In the following script, we add several event listeners to listen to all defined events. Note that, all the above listed events extend from an AIEvent
class. Except CoreRequesterEvent.RESULT
, we use only one event handler to process the other events: print them out. This is for demo purpose only. In real application, each event should be handled carefully. E.g., RecorderEvent.RECORD_STARTED
and RecorderEvent.RECORD_STOPPED
can be combined to control a recording progress bar. For another instance, RecorderEvent.RECORDID_GOT
can be used to retrieve recordId
of the local cached records.
_recorder = new RecorderLib();
_recorder.addEventListener(CoreRequesterEvent.RESULT, coreRequesterEventHandler);
_recorder.addEventListener(FactoryEvent.READY, eventHandler);
_recorder.addEventListener(FactoryEvent.EXCEPTION_TIMEOUT, eventHandler);
_recorder.addEventListener(NetEvent.EXCEPTION_CLOSED, eventHandler);
_recorder.addEventListener(CoreRequesterEvent.EXCEPTION_PARAMETERS_ERROR, eventHandler);
_recorder.addEventListener(CoreRequesterEvent.EXCEPTION_RESPONSE_ERROR, eventHandler);
_recorder.addEventListener(CoreRequesterEvent.EXCEPTION_TIMEOUT, eventHandler);
_recorder.addEventListener(MicrophoneDeviceEvent.MIC_ALLOWED, eventHandler);
_recorder.addEventListener(MicrophoneDeviceEvent.EXCEPTION_MIC_NOT_ALLOWED, eventHandler);
_recorder.addEventListener(MicrophoneDeviceEvent.EXCEPTION_MIC_NOT_FOUND, eventHandler);
_recorder.addEventListener(RecorderEvent.EXCEPTION_NO_RECORD, eventHandler);
_recorder.addEventListener(RecorderEvent.RECORD_STARTED, eventHandler);
_recorder.addEventListener(RecorderEvent.RECORD_STOPPED, eventHandler);
_recorder.addEventListener(RecorderEvent.RECORDID_GOT, eventHandler);
_recorder.addEventListener(RecorderEvent.REPLAY_STARTED, eventHandler);
_recorder.addEventListener(RecorderEvent.REPLAY_STOPPED, eventHandler);
appendReturns(_recorder.init(RECORDERLIB_PARAMS));
Please note, we add event listeners before initialising the RecorderLib
instance.
eventHandler()
method simply appends event.type
to txtReturns
TextArea:
private function eventHandler(event:AIEvent):void
{
appendReturns(event.type);
}
Now, we can see many more log outputs. e.g.

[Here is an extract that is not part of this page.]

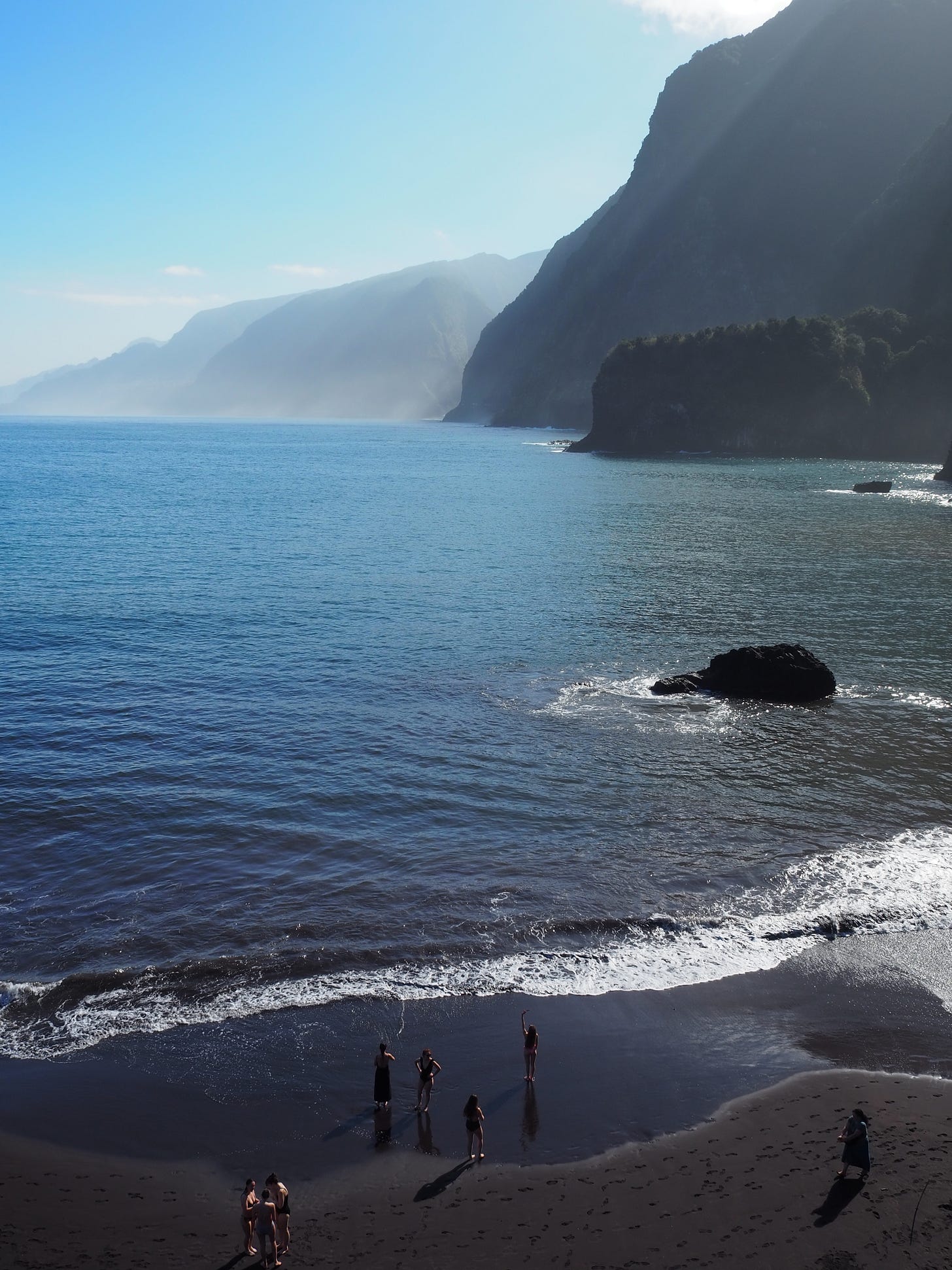 The sand, as dark as it was, held all the heat of the morning. Stripping off we went skipping down to the glittering sea, hesitating slightly at that midriff level that always seems to be the hardest to get past, no matter how warm the water is, before slipping in and swimming out.

microphone.device.exception.mic.not.allowed
[{"message":"","statusCode":"50004"}]
factory.ready
microphone.device.mic.allowed
recorder.recordID.got
recorder.record.started
[{"message":"start recording","statusCode":"50004"}]
recorder.record.stopped
[{"message":"stop record","statusCode":"50004"}]
Besides method returns and events, RecorderLib
also allow application to peek its components’ states.

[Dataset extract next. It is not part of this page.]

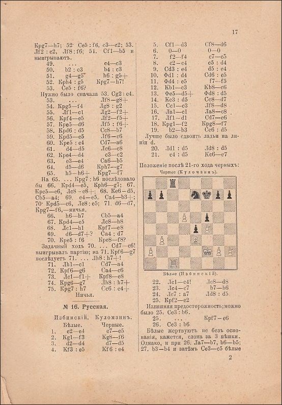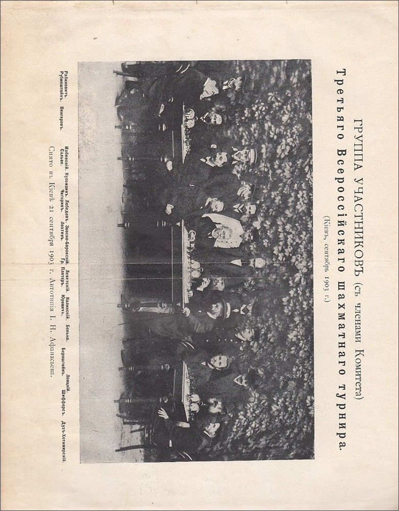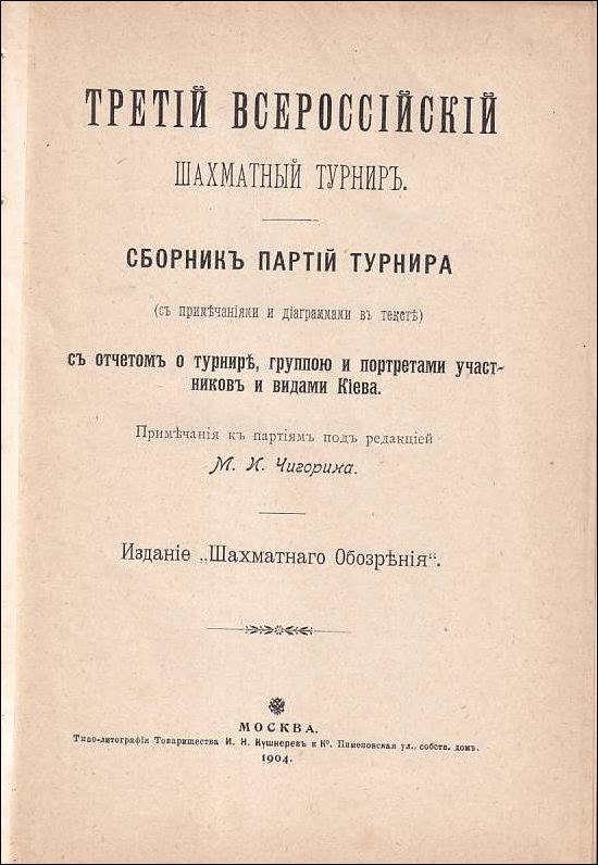Chigorin. Kiev 1903. Tretiy vserossiyskiy shakhmatnyy turnir. Sbornik partiy turnira. Third Russian national chess tournament Kiev 1903. With a group photo on one folded plate. 9 photos in text. All 163 games from the tournament with annotations in Russian. Many diagrams. Russian notation. Cross table. Opening index. Table of content. Round-by-round reports. Chigorin won in front of Bernstein. XII, 151 pages. 20 cm. Paperback with thin cardboards. Moscow, Schachmatnago Obosrenija, 1904. L/N 5261. Sakharov 74.

In the following codes, we setup a timer, automatically check the RecorderLib
instance’s states, and print them to the screen. First is a checkStates()
method:
private function checkStates(event:TimerEvent):void
{
txtMicrophoneState.text = "Microphone: " + _recorder.microphoneDeviceState;
txtRecorderState.text = "Recorder: " + _recorder.recorderState;
txtConnectionState.text = "Connection: " + _recorder.connectionState;
txtCoreRequesterState.text = "Core requester: " + _recorder.coreRequesterState;
}
And then in init()
method, we setup a timer:
_timer = new Timer(2000);
_timer.addEventListener(TimerEvent.TIMER, checkStates);
_timer.start()
Note that, _timer
is a Timer
instance, defined as a private member variable.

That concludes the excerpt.